According to Hölldobler, the “nested tug-of-war” idea got its start when he and Reeve were thinking about certain primitive ant species that don’t fit the selfless ant stereotype. They live in small colonies, and individual selection is still very much in play. Nobody gives up reproductive rights for the good of the group. They also communicate poorly and disagree about who does the chores. (Sound familiar?)

So how did other ant species evolve from this chaotic start to the point that millions of selfless individuals in a colony can live together in almost perfect harmony? Wilson emphasizes group selection. Reeve and Hölldobler argue that it’s still about individual selection and kin selection. But the group gradually became more important because of ecological pressure, in the form of patchy resources and fierce competition from rival colonies. And the tug-of-war for individual advantage within the group gave way to cooperative behaviors as the tug-of-war for advantage against rival groups became more pressing.

So let’s say this is true of people, too. The disturbing implication of the “nested tug-of-war” idea is that altruism is a byproduct of enmity: It’s easier to give up what we want, to sacrifice for a sister or a cousin, if we feel threatened by some outside group. And a long evolutionary history of living with that sort of threat is also why we still slip so easily into rivalries against other high schools, or political parties, or ethnic groups.
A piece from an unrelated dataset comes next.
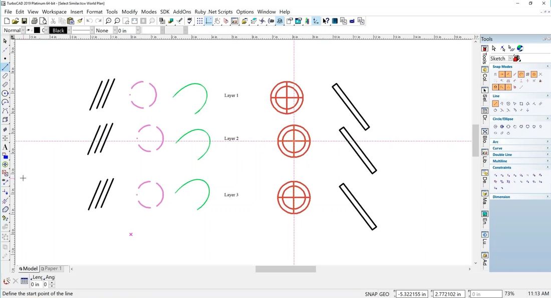 При первом запуске TurboCAD предоставляет на выбор несколько рабочих пространств: классическое 2D-чертежное, 3D-моделирование и гибридный режим. Каждое из них адаптировано под конкретные задачи и может быть дополнительно настроено. Инструментарий позволяет строить объекты с высокой точностью благодаря привязкам, сеткам и размерным контроллерам. Архитекторы могут быстро генерировать стены, размещать оконные и дверные проемы, а затем автоматически формировать разрезы и фасады. Для визуализации используются встроенные движки с возможностью настройки материалов, текстур, освещения и теней, включая фотореалистичные эффекты.
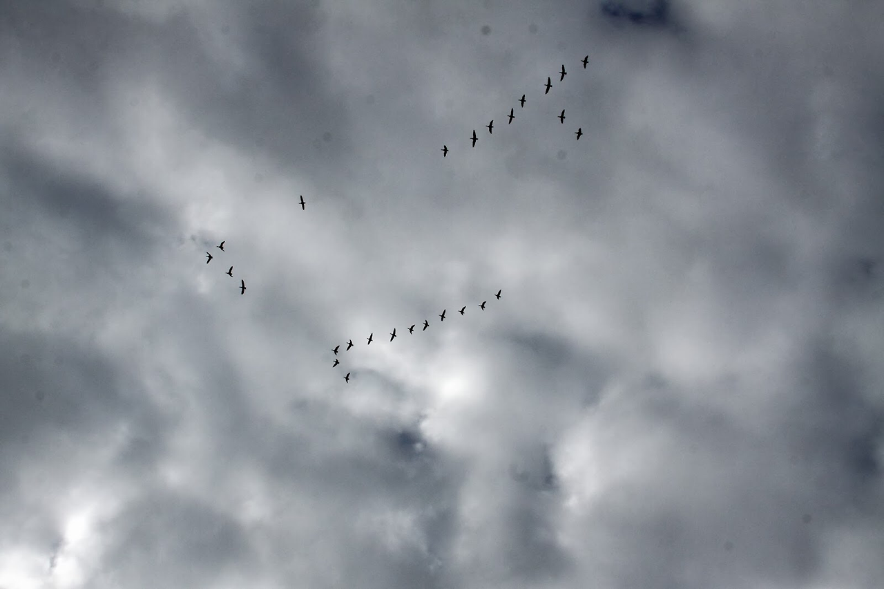 남쪽으로 날아가는 기러기들의 모습에서 애잔함을 느끼기도 하지만 일사분란한 비행모습은 자연의 섭리에 순응하는 건강함과 강인함을 본다.

Knowing this “doesn’t justify anything,” says Hölldobler. “But if children understand that there is this trait, and it was adaptive in the past, but it’s not very adaptive now,” they can work around the impulse to engage in pointless group rivalries and cultivate altruism in less antagonistic contexts. On the other hand, he admits, we might not enjoy football games as much.

Or political campaigns. In the aftermath of the 2000 presidential election, according to Kristin Gore in The Times Magazine interview, Republicans bussed in protesters to stand outside the vice presidential mansion and scream, “Get out of Cheney’s house.” The Gore family apparently managed to refrain from “turning up the stereo to drown out the chants,” Noriega-fashion. But being under siege by the rival group no doubt re-kindled the family’s sense of unity and muted any hint of a tug-of-war within.

Call me a romantic, but I like to imagine the three sisters getting up together and going to the windows to brandish their delicate wrists, causing the horrified barbarians outside to flee in howling panic back under the rocks from which they had apparently crawled.